Jesus Valencia Educador social
La memoria que nos robaron
La Iglesia hizo cuanto pudo por denigrar a la República y legitimar a los golpistas. Ni éstos, ni sus encubridores eclesiásticos, han rendido cuentas de los crímenes que cometieron. Han pasado largos lustros y hoy siguen en las mismas
La Iglesia, con gran despliegue de medios, ha ensalzado a 498 personas; todas de su bando y fusiladas por el rojerío republicano. Juan XXIII y Pablo VI se negaron a celebrar este acto tan marcado de tintes políticos. El actual Vaticano -controlado por el Opus- y la Conferencia Episcopal Española -adscrita al PP- se han salido con la suya. Hace ochenta años (¡cómo se repite la historia!), buena parte de la iglesia española se identificó con la derecha; hizo cuanto pudo por denigrar a la República y legitimar a los golpistas. Ni éstos, ni sus encubridores eclesiásticos, han rendido cuentas de los crímenes que cometieron. Han pasado largos lustros y hoy siguen en las mismas, atentando contra la convivencia y la memoria.

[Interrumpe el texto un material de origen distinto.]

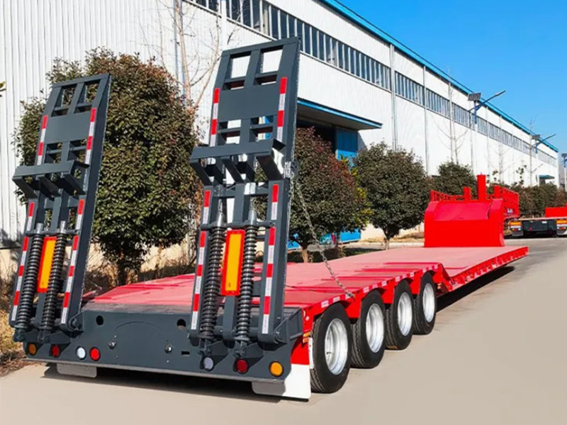 Nostro Rimorchio ribassato a 4 assi da 80 tonnellate Incorpora un collo d'oca staccabile e un design a centro ribassato, equipaggiato con quattro assali Fuwa da 13 tonnellate e un sistema di sospensioni a balestra rinforzata a 10 elementi. Questa combinazione offre una maggiore capacità di carico e un baricentro più basso. Le sospensioni ottimizzate migliorano significativamente la stabilità di guida, mentre la struttura modulare consente operazioni di carico e scarico rapide. È in grado di ospitare diverse tipologie di merci, migliorando l'efficienza complessiva del trasporto. I componenti standardizzati garantiscono compatibilità e facilità di manutenzione, e sono disponibili soluzioni altamente personalizzate per soddisfare le esigenze specifiche del cliente.

La España privilegiada de los años 30 era intangible. La tierra debía de continuar en manos latifundistas; la enseñanza, en manos confesionales; el poder, propiedad exclusiva de caciques; la sanidad y la cultura, patrimonio de menguadas élites sociales. A los obreros les correspondía pagar la crisis del capitalismo mundial; los jornaleros del campo saldrían cada mañana a la plaza, a la espera de que alguien los contratase. Sus mujeres, criadas de damas rancias; y sus hijos, rapatanes desarrapados de cabreros. Los hambreados dijeron ¡basta! Y otro tanto repitieron las gentes de las naciones que no se acomodaban al estado. La España reaccionaria no anduvo con remilgos. Los terratenientes franquearon las puertas de los cuarteles reclamando alzamiento. Muchos púlpitos se convirtieron en tribunas contra de la igualdad y la justicia. Los fascistas se organizaron en escuadras armadas. Gran parte de los conventos (¿ha pasado el tiempo?), una madriguera de ideas y votos reaccionarios. Los militares fascistas engrasaban cañones que pronto empezaron a tronar. ¡Era la guerra! Obispos hubo que la recibieron como don de Dios. Repicaban las campanas cuando el Ejército republicano perdía una batalla. Y en algunos cenobios se festejaba la masiva escarda de rojos. Violencia ciega que se desató en todas las direcciones y que segó incontables vidas. Pero dentro de un contexto de diferencias sustanciales: los unos, defendían la legitimidad democrática; los otros, eran golpistas. Los primeros, reclamaban la igualdad social; los segundos, la conservación de privilegios y prebendas. Murieron muchos, pero la muerte zarpeó con saña especial al bando republicano.
A la guerra siguió la dictadura. Iglesia y régimen nos robaron la memoria recreando la historia a su medida. Los vencidos, ni podían ni querían recordar. Son sus nietos los que intentan recuperar el recuerdo. El persistente fascismo político repudia ese empeño. El eclesiástico, tan beligerante como entonces, ha ido más lejos: manipulando el sentimiento religioso, dignifica solo a sus muertos. Un nuevo empeño por rematar a sus víctimas y deslegitimar a quienes ahora reclaman justicia y memoria.
Angel Irigoras, en su trabajo «Herri zapalkuntzaren lekuko batzuk», propone una sugerencia interesante: «Testigantza xumeen bitartez, eraiki behar izan dugu gure herriaren historia» («Hemos tenido que construir la historia de nuestro pueblo a través de testimo- nios sencillos»). Una tarea a la que se están dedicando, con ejemplar empeño, las compañeras y compañeros de Ahaztuak. Aurrera.